There is desperation in the voices of the people selling things. They tell you their stories and you don't know whether to believe it or not, it sounds so fantastic. "I make 33 dollars a month. My family lives 50 miles away but I don't have time to see them. I work 15 hours a day everyday". You want to help them, help them all, but can't. You can help a few or you can just ignore it completely because to admit the enormity of the problem would bring to the foreground, the glaring unfairness of it all. Why do I have money and they don't? Am I a better person, more deserving, more talented, did I work harder, am I smarter? Hardly. It just comes down to the simple fact that life isn't fair. And yet, within those parameters, you see that some of the people here are very happy, gracious, graceful, and productive, making choices that allow them to live their lives fully and happily within their society.
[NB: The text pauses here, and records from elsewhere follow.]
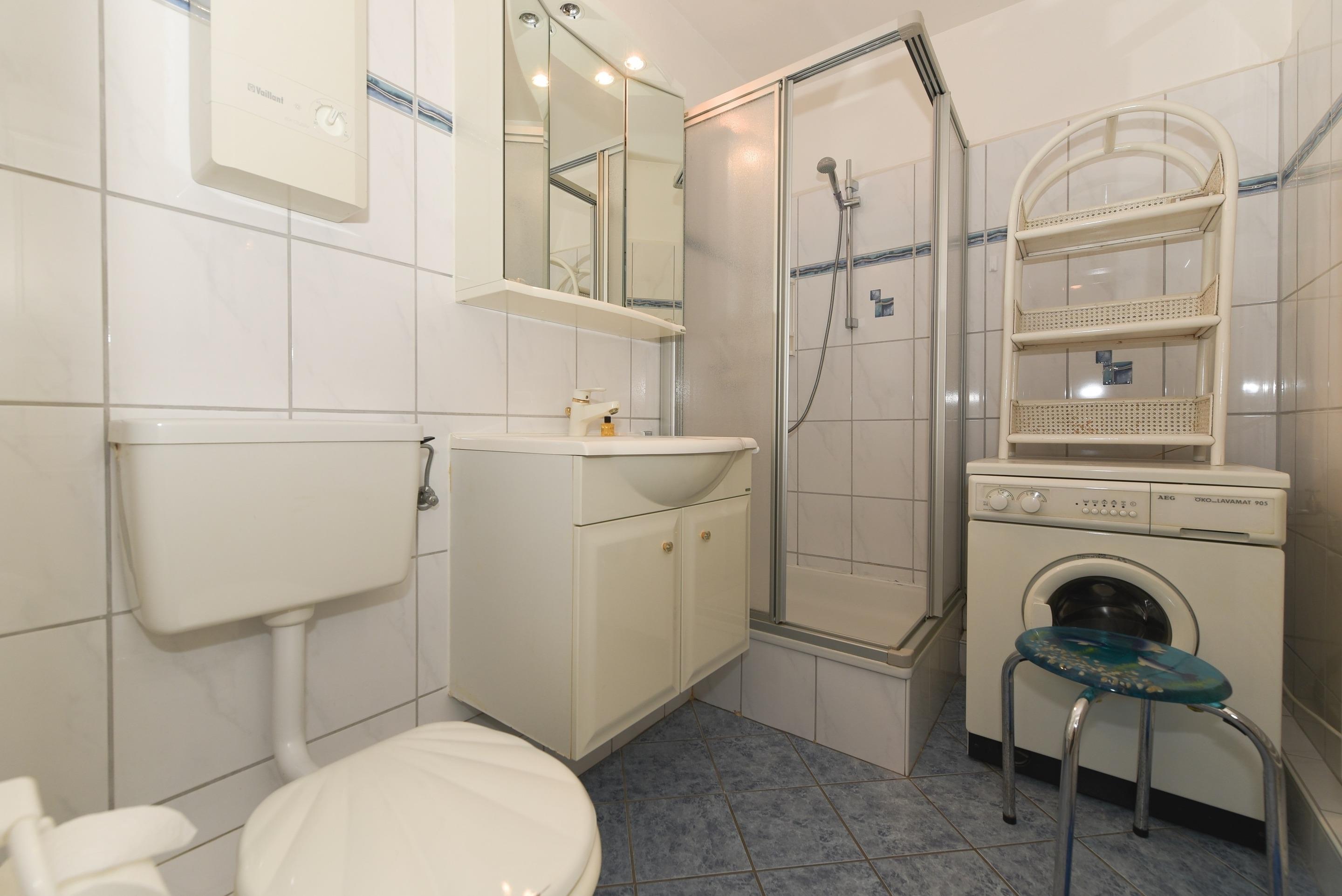 Das moderne Badezimmer ist mit einer Dusche und einer Waschmaschine ausgestattet – für zusätzlichen Komfort während Ihres Aufenthalts.
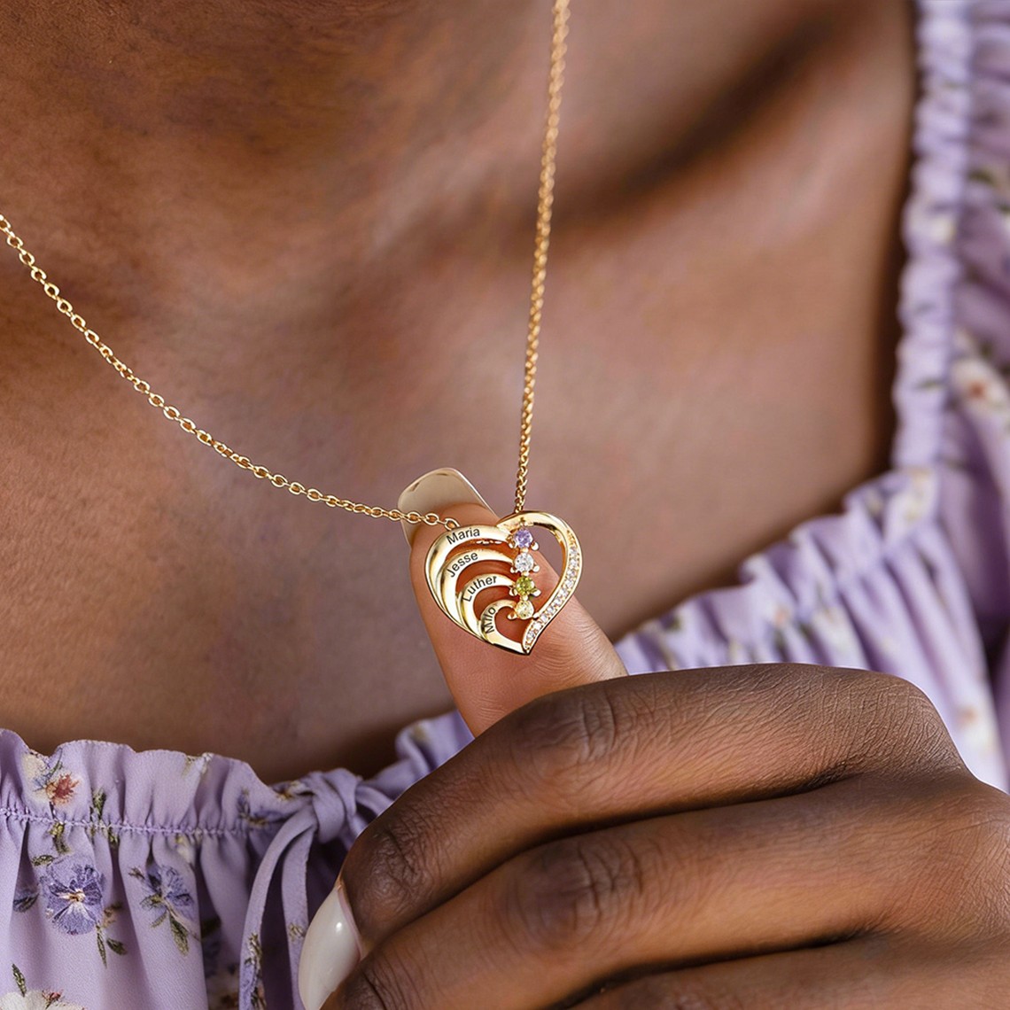 Personalised Engraved Name Necklace with Birthstone – Family Jewelry Gift, Heart Necklace, Perfect Birthday or Mother's Day Gift
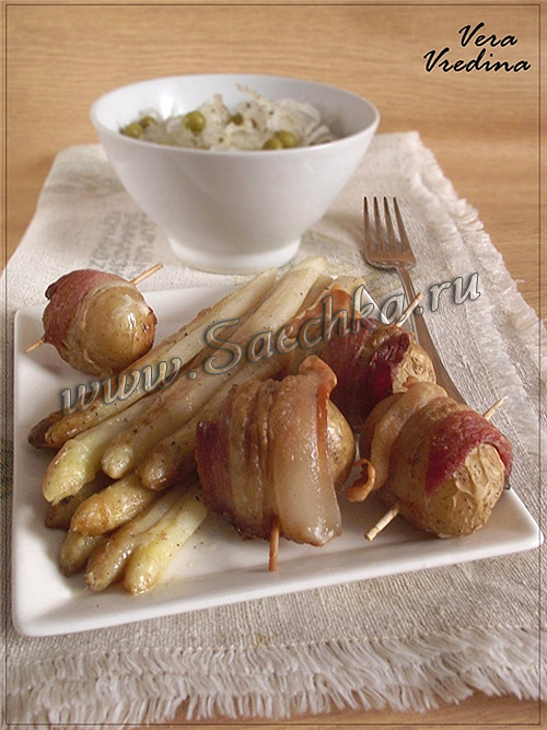 Картофель, запечённый в беконе, приготовлен в духовке. Получается хрустяще-вкусным, подавала с тушеной спаржей и салатом из дайкона.
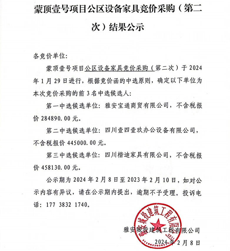 蒙頂壹號(hào)項(xiàng)目公區(qū)設(shè)備家具競(jìng)價(jià)采購(第二次)結(jié)果公示
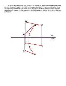 A locus(loci) is a solution(s) that satisfy a given set of conditions. [[[[Media:|thumbnail]]]] Depending on the situation, the locus can be a different solution. In Figure A, there is a vertical axis BO and a point a. When point a is revolved around BO, the path that point a creates is a circle. In this given set of conditions, the locus is the circular path that point a creates when revolved around BO because that circle is a collection of all the points that are the same distance from BO as point a. In Figure B, there is a vertical axis BO with a line segment AO touches BO to creates ∠AOB. When AO is revolved around BO, the path that the AO creates a surface that takes the shape of a cone. Therefore, in this particular set of conditions, the locus AO is a conical surface because that surface is a collection of all the line segments that can be represented by AO in a three-dimensional space.
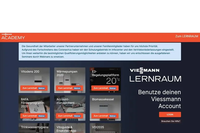 Viessmann geht mit einem stark ausgeweiteten virtuellen Programm an den Start, um die ausgefallenen Frühjahrsmessen in Frankfurt, Essen und Nürnberg auszugleichen. Ab sofort können sich in erster Linie die Viessmann Fachpartner über alle Produktneuheiten online informieren oder sich und ihre Mitarbeiter in Webinaren schulen lassen.
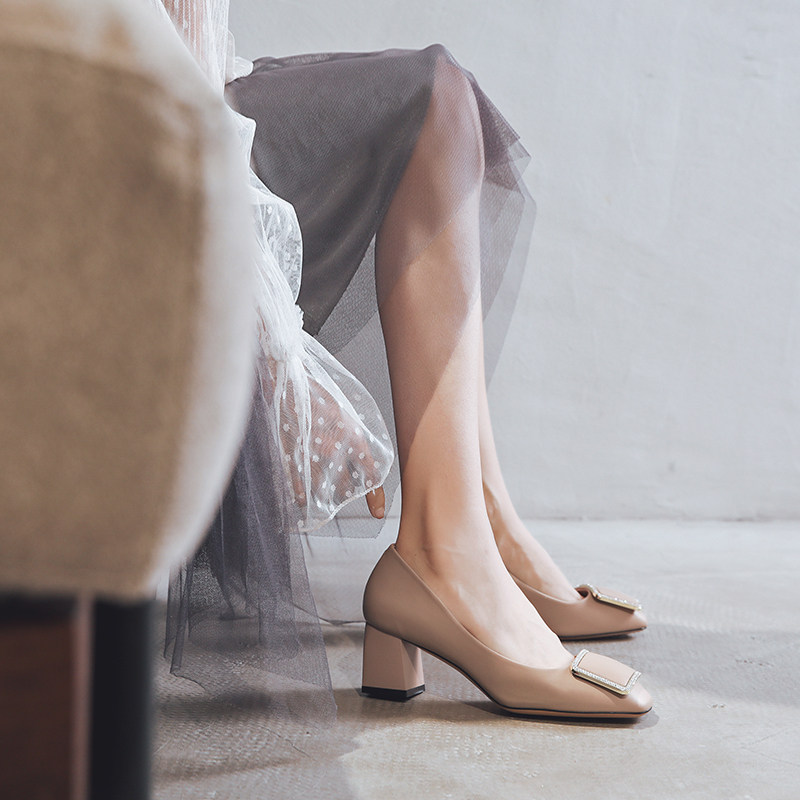 一代佳人 Осенние туфли на высоком каблуке, универсальная черная униформа медсестры, 2019
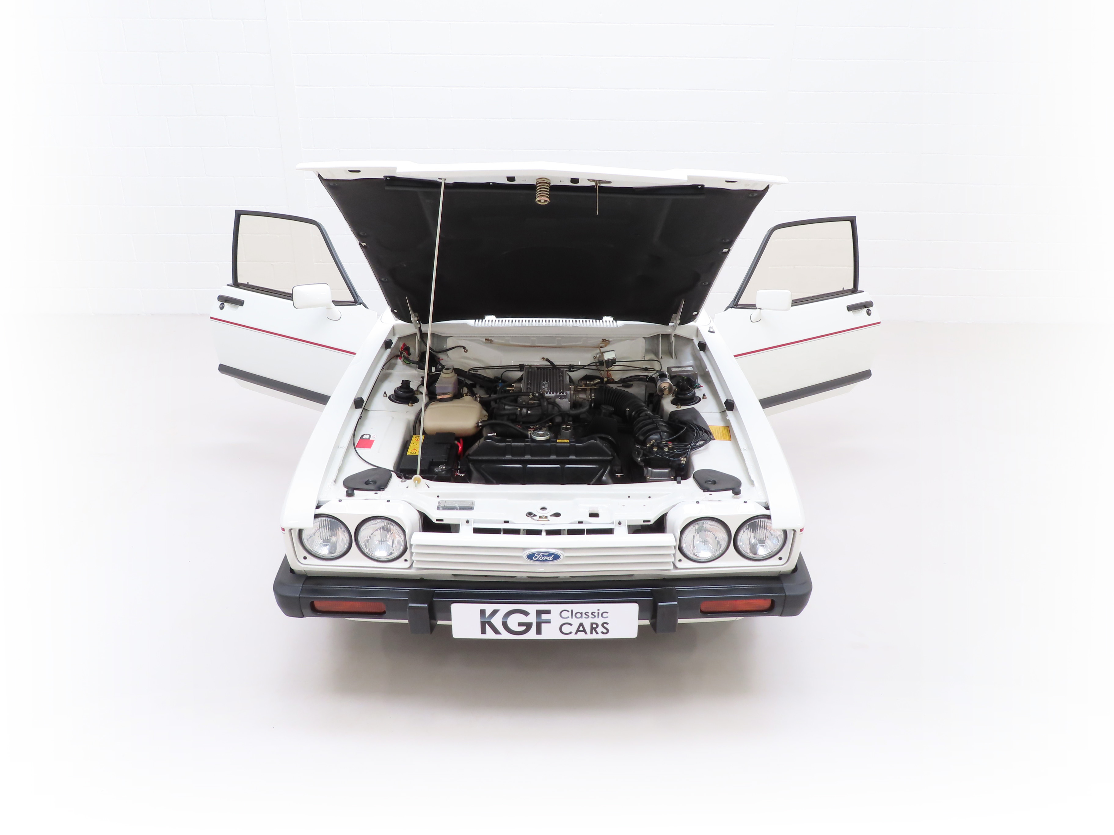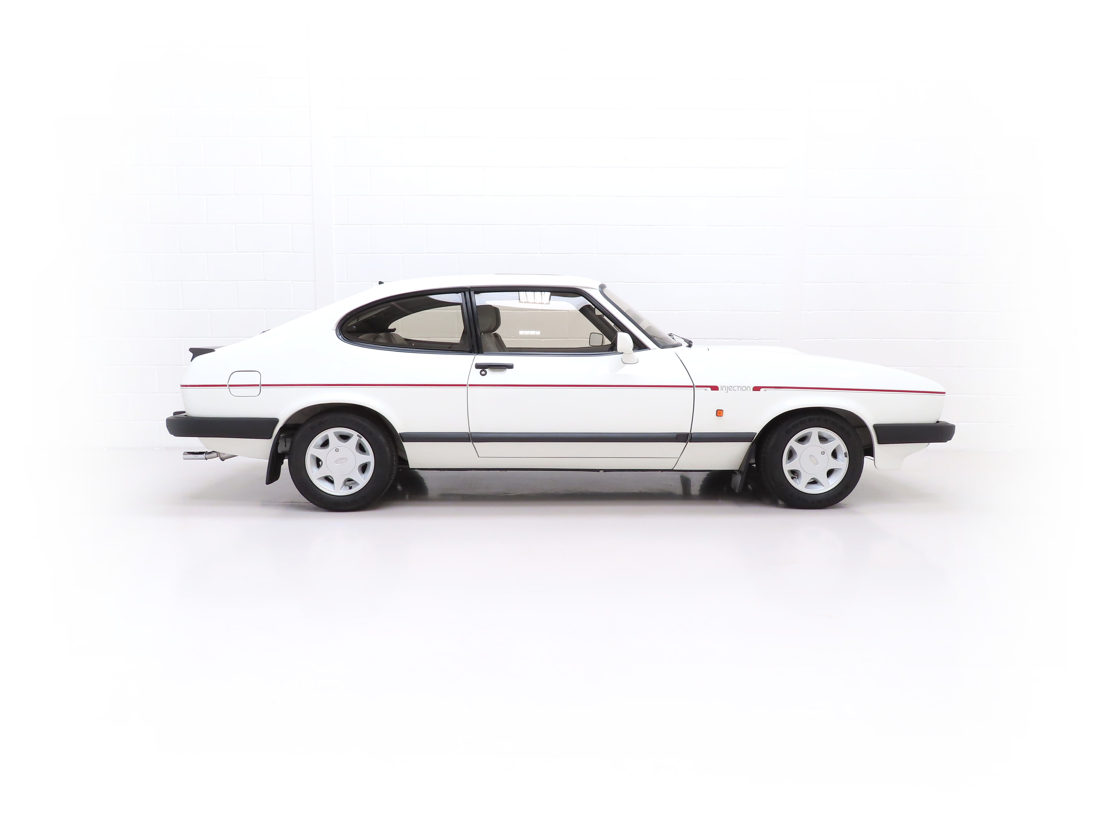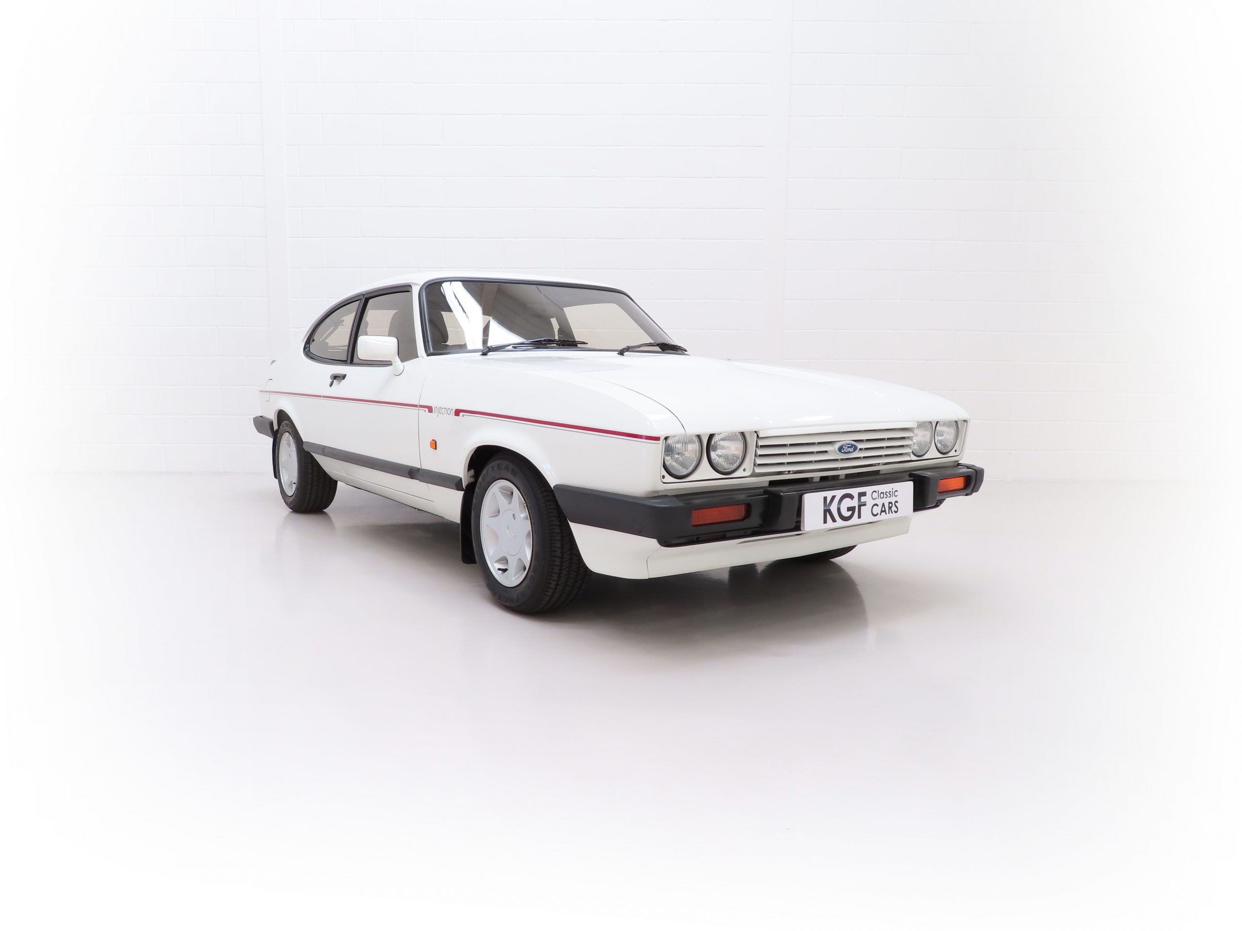 This spellbinding factory perfect Ford Capri 2.8 Injection is a champion in every respect having covered a warranted 585 miles from new with one custodian, Albert. Finished in striking Diamond White, (Code B3), it is difficult to fault this example without passing comment on Ford production control standards, such is the expert preservation of this miracle car. Stored in a dehumidified and centrally heated garage, every nut, bolt, clip and component throughout the entire car is exquisite with absolutely no aging. A benchmark car that will guide concours perfectionists on where every label, sticker, paint dab should be and how Ford engineers tightened the last bolt. All dealer branding remains fitted. Be prepared to experience the thrill of buying a dazzling new Capri!
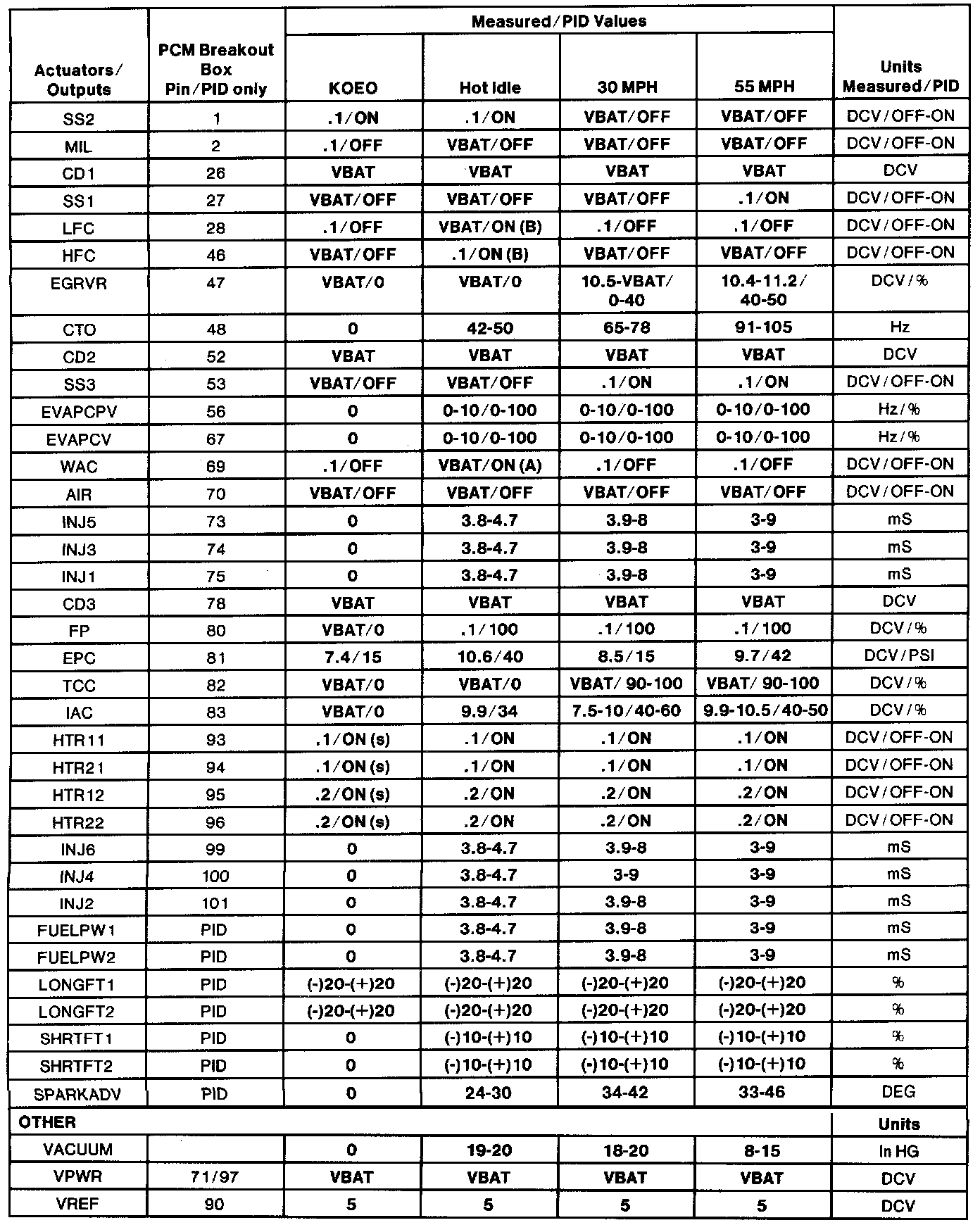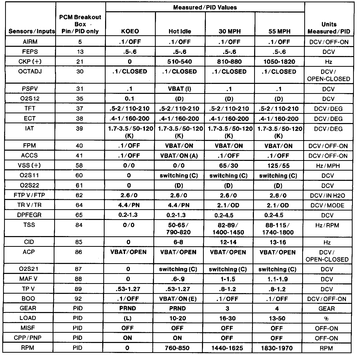 (H.) Values shown are commanded by the PCM and may not be actual.

As tourists we walk among these people, getting glimpses of how they live and what they do. It's amazing because it's different and it's the same. Different clothes, different food, different ways of doing the same things that we do, but with the same feelings that we have, the same reactions to situations that I would have. I delight to see myself, to recognize a piece of me in them. A blind beggars reacts to a coin dropping in his bowl. He smiles then frantically searches with his hand for the coin that hit the bowl and popped out. He could hear that it popped out from the way it sounded. He drums with one hand for a few seconds while he searches for the coin with the other hand. The drum sounds still talking, still making sense and calling to me. He finds the coin after a few seconds feels it's size, knows it's a 5 rupee coin, seems satisfied and drops it in the metal bowl and continues playing with 2 hands. Yes I can understand him. That's what I would do too. That but for luck, but for karma, but for a roll of the dice is me and I feel happy and sad when I recognize myself in him and in the other people of this wonderful terrible city.

2 comments:

  1. Thank you for this vivid description of poverty in Kathmandu. Great writing. I could see it all from your unfolding, and feel your engagement.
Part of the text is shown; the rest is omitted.